Fire in Cherry, Illinois, US

The Cherry Mine disaster was a fire which occurred at the Cherry Mine, a coal mine outside Cherry, Illinois, on November 13, 1909. The fire, which killed 259 men and boys as well as three dozen mules, is the third most deadly mine disaster in American coal mining history.

==History==

===Background===
In 1905, the St. Paul Coal Company opened the Cherry Mine in order to supply coal for the trains of its controlling company, the Chicago, Milwaukee & St. Paul Railroad. The mine consisted of three horizontal veins, each deeper than the last. The veins were connected vertically by two shafts set some 100 yd apart. Both the main shaft and the secondary shaft contained wooden stairs and ladders. The main shaft was capped by an 85 foot steel tipple which controlled a mechanical hoisting cage. A large fan, located in a shunt off the secondary shaft, pushed fresh air into the mine.

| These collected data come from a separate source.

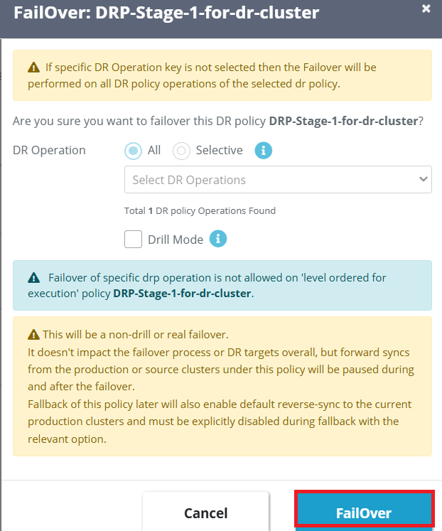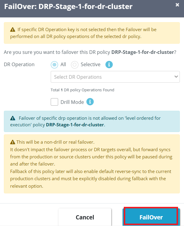 DR Drill = The drill failover will failover the policy by doing one forward sync end to end. The drill mode is assumed to be used for testing of your actual DR drills. In case of a real failover, the forward sync is done as a best attempt (though stage-2 syncs will always be performed if policy is staged sync type). The drill mode is marked with a special policy state.
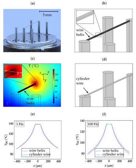 The high-resolution model (see Figure 1b) depicts a detailed reconstruction of the sensor geometry. The wire has a thickness of 8 , is wound in a radius of 50 , and fixed at two PINs of a TO Socket with a distance of above the bottom of the socket. The wire helix is surrounded by air. The detailed design will be explained in Section 4. The modules heat transfer in solids and fluids, as well as electric currents, were used in order to achieve Joule’s heating in and around a current-carrying conductor. Both modules are coupled using electromagnetic heating. A Dirichlet boundary condition was applied to the bottom of the TO socket. The temperature at the boundary, as well as the ambient temperature, were set to 20 . A sinusoidal current was applied between the ends of the wire helix. A time-dependent study was conducted for certain frequencies of the sinusoidal current. In Figure 1e,f, it can be noticed that the temperature distribution as a function of the cross-sectional coordinate x inside the wire helix is homogeneous after a transient time period for two exemplary frequencies (5 and 100 ). Slight deviations occur due to heat influences from adjacent wire windings. Outside the wire helix, a temperature decay is observable. This decay corresponds to the zeroth-order modified Bessel function (see Equation (4)).
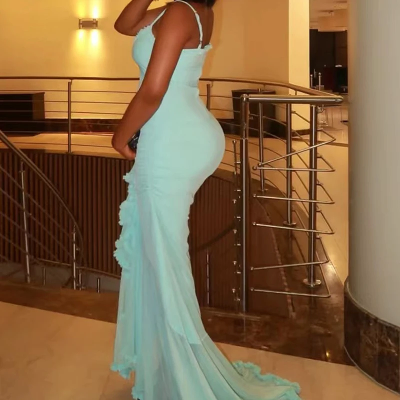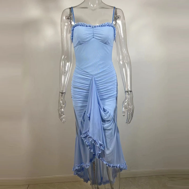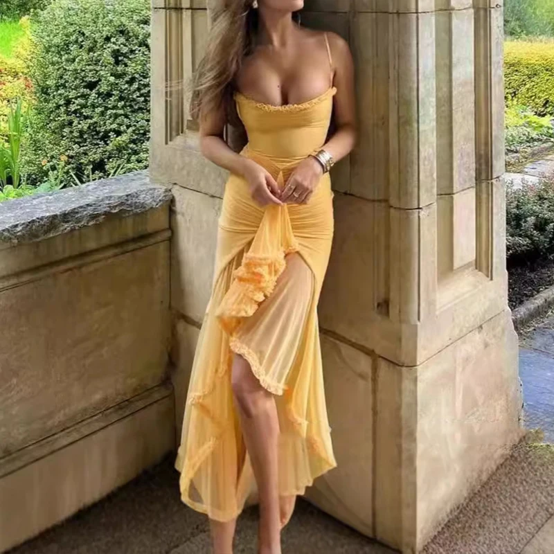 DAIIIBABYYY - New Summer Sexy Garden Party Solid Women's Dress Elegant Chest Wrap Mesh Patchwork Long Dress Casual Suspender Beach Dress Mujer

The miners included a large number of immigrants, heavily Italian, many of whom could not speak English. Boys as young as 11 years old also worked the mine. Rather than a fixed per-hour wage, pay was based on the coal production.

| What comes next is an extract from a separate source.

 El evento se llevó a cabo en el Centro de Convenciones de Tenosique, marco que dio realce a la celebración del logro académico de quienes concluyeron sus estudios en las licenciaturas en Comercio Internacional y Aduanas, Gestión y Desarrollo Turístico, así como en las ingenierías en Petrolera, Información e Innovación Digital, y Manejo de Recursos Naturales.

==The Cherry Mine Disaster==
On Saturday, November 13, 1909, nearly 500 men and boys as well as three dozen mules were working in the mine. An electrical outage earlier that week had forced the workers to light kerosene lanterns and torches. Some were portable, and some were set into the mine walls. Shortly after noon, a coal car filled with hay for the mules caught fire from one of the wall lanterns. The fire went unnoticed by workers for 45 minutes before efforts to move the fire began; however, the workers only succeeded in spreading the fire to the mine's support timbers.

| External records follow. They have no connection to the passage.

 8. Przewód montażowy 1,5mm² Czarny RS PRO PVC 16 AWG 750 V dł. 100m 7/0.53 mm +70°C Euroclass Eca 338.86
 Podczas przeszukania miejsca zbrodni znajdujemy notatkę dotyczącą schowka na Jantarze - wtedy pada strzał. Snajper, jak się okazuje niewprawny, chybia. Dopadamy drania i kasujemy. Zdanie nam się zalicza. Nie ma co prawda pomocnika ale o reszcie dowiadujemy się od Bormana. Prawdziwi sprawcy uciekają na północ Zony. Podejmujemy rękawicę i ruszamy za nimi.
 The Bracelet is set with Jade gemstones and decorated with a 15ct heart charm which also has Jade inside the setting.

The mine's large fan was reversed in an attempt to blow out the fire, but this only succeeded in igniting the fan house itself as well as the escape ladders and stairs in the secondary shaft, trapping more miners below. The two shafts were then closed off to smother the fire, but this had the effect of both cutting off oxygen to the miners and allowing the “black damp,” a suffocating mixture of carbon dioxide and nitrogen, to build up in the mine.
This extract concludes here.